Zu Carpoforo Tencalla siehe folgende Arbeiten:
1. Diplomarbeit von Teresa Hauck, Wien 2010. Sie bezeichnet die Künstler des Tessins und des Val d'Intelvi zwar als «Austro-Italiener», ihre Arbeit «Carpoforo Tencalla. Die Wechselwirkung zwischen gemalter und gebauter Architektur» bietet aber eine gute Werkübersicht und deckt Querbeziehungen auf.
2. Der Beitrag von Jürg Ganz in ZAK 35 (1978): «Zur Tätigkeit des Malers Carpoforo Tencalla südlich der Alpen».
3. Web-Beiträge in Tessiner Künstler in Europa (mit Stammbaum) und in SIKART.
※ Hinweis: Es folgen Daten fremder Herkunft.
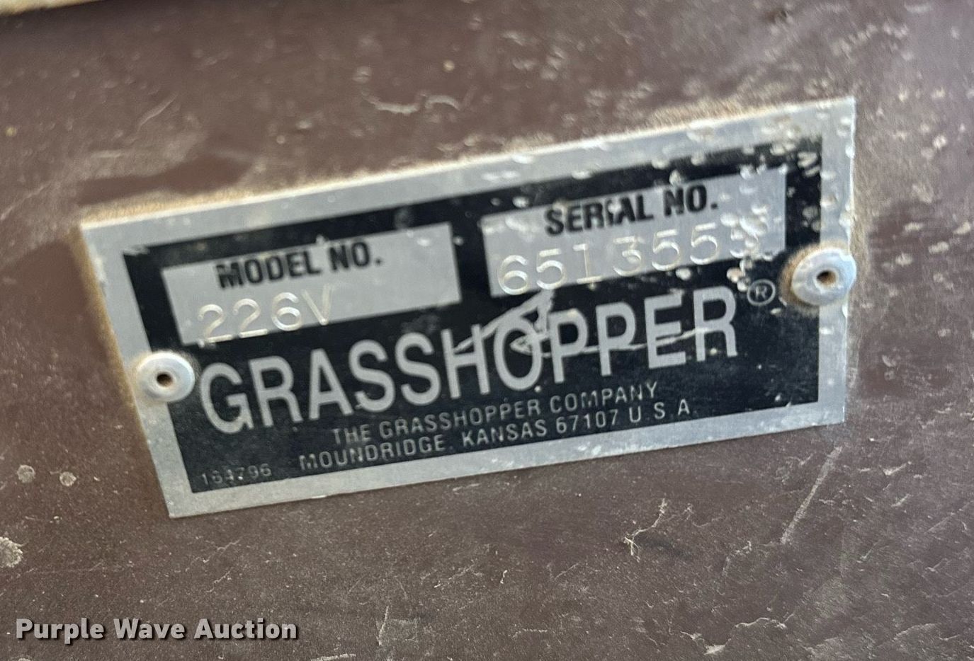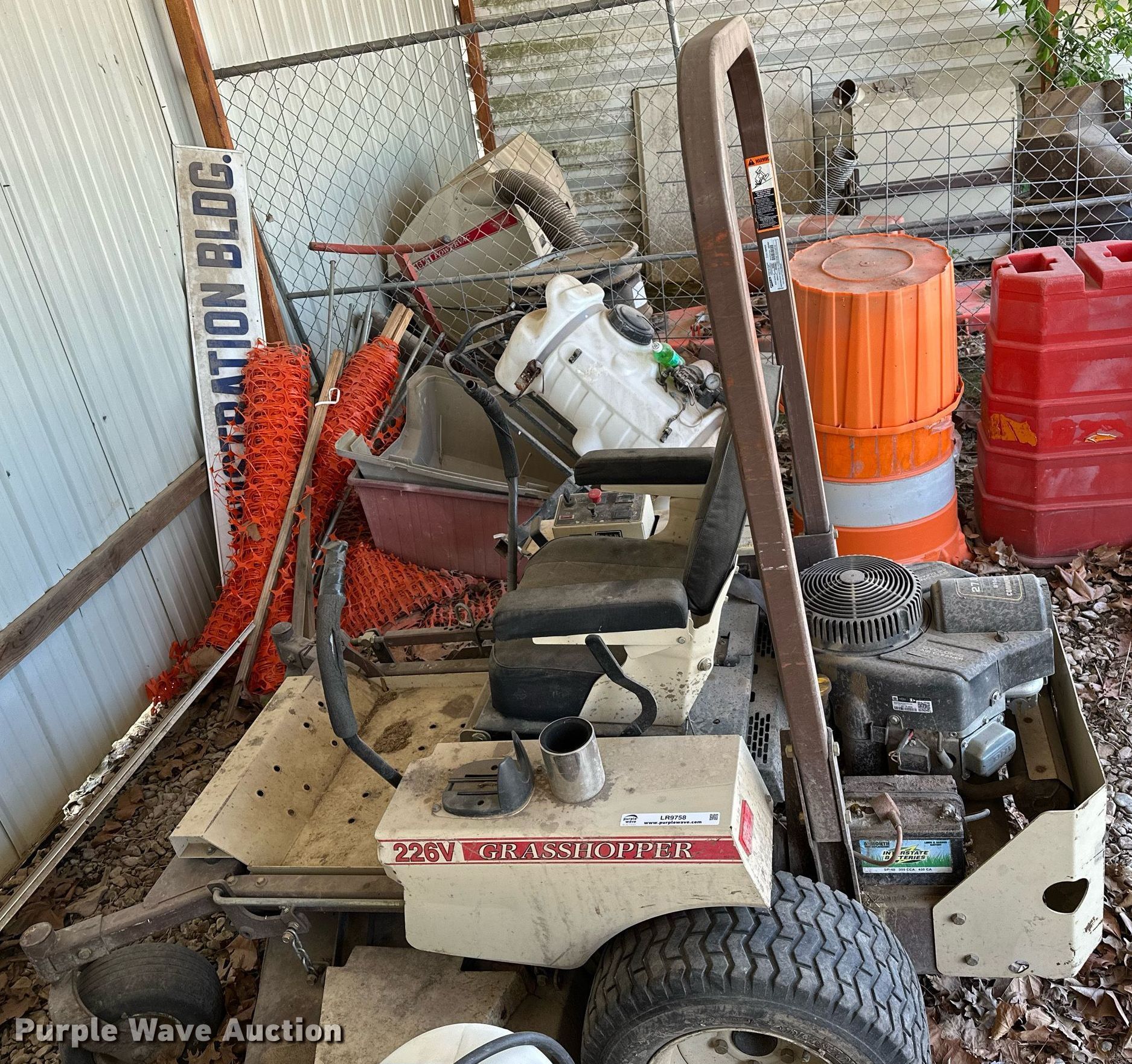 Purple Wave is selling a used Commercial Turf Mower in Oklahoma. This item is a Grasshopper 226V ZTR lawn mower with the following: Hours: 1,488 on meter, Cutting width: 60", Serial: 6513555

[28] Sie sind 1676 beendet, obwohl Fürstbischof Sebastian von Pötting erst 1677 den symbolischen Grundstein legt. Fürstbischof Wenzeslaus von Thun, der den Jesuiten nicht gewogen ist, verfügt 1672 sogar einen Baustopp. Der Grund des Streits von Wenzeslaus von Thun mit den Wiener Jesuiten (das Kollegium Passau gehört damals zur Österreichischen Jesuitenprovinz) dürfte im Streit um Einnahmen von St. Andrä im Bistum Levant liegen. Die «Grundsteinlegung» 1677 verführt Kunsthistoriker noch heute, dieses Datum als Baubeginn zu betrachten, obwohl genügend Dokumente den Beginn 1665 und die Fertigstellung 1676 belegen. Die Stuckaturen Carlones in der Jesuitenkirche stellen den damit den frühesten Transfer von hochbarockem italienischen Stuck in der Tradition Berninis und Borrominis dar.

[29] Paolo d'Allio (1655–1729) in Scaria Val d'Intelvi. Neffe von Giovanni Battista Carlone. Er arbeitet später mit Diego Francesco Carlone (zu ihm siehe die Biografie in dieser Webseite) in Arbeitsgemeinschaft. Zu Paolo d'Allio siehe die Biografie in AIA.

[30] Zu Torriani siehe die Biografie in dieser Webseite und die Bemerkungen zu seinen Altarblättern in Passau (1685) unten.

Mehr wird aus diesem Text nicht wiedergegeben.